Finally, the reduction of imine bonds to amines offers new possibilities for pore-wall functionalization.83 In this regard, Yan et al. conducted a separate study where they synthesized a thermally stable Co2+@TFPPy–PyTTA-COF ionic catalyst based on pyrene moieties PyTTA and TFPPy.84 This catalyst was created by incorporating cobalt alkyl sulfonate groups onto amine linkages formed through the reduction of imine linkages using NaBH4. The main objective was to design a structure that combines acidic and nucleophilic sites within a single framework, eliminating the need for an additional catalyst and minimizing the potential for side reactions. The results revealed that the CO2 cycloaddition reaction with various epoxides, using the Co2+@TFPPy–PyTTA-COF catalyst, achieved an efficiency exceeding 90% under conditions of 100 °C, 3.0 MPa CO2 pressure and a 48 hour reaction time, highlighting the catalyst's exceptional catalytic activity.

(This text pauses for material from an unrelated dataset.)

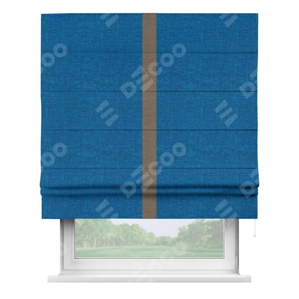 Римская штора «Кортин» с кантом Хайвэй, для проема, ткань лён синий

Y. Li et al. utilized TAPP to host Co2+ centres, synthesizing a TFPPy–TAPP COF from a pre-metallated porphyrin.85 The cobalt within the ligand was retained in over 90% of the TAPP cavities. This metal species demonstrated activity in the cycloaddition of epichlorohydrin and CO2, with the presence of a TBAI co-catalyst, achieving an efficiency of 92% under 0.5 MPa of CO2.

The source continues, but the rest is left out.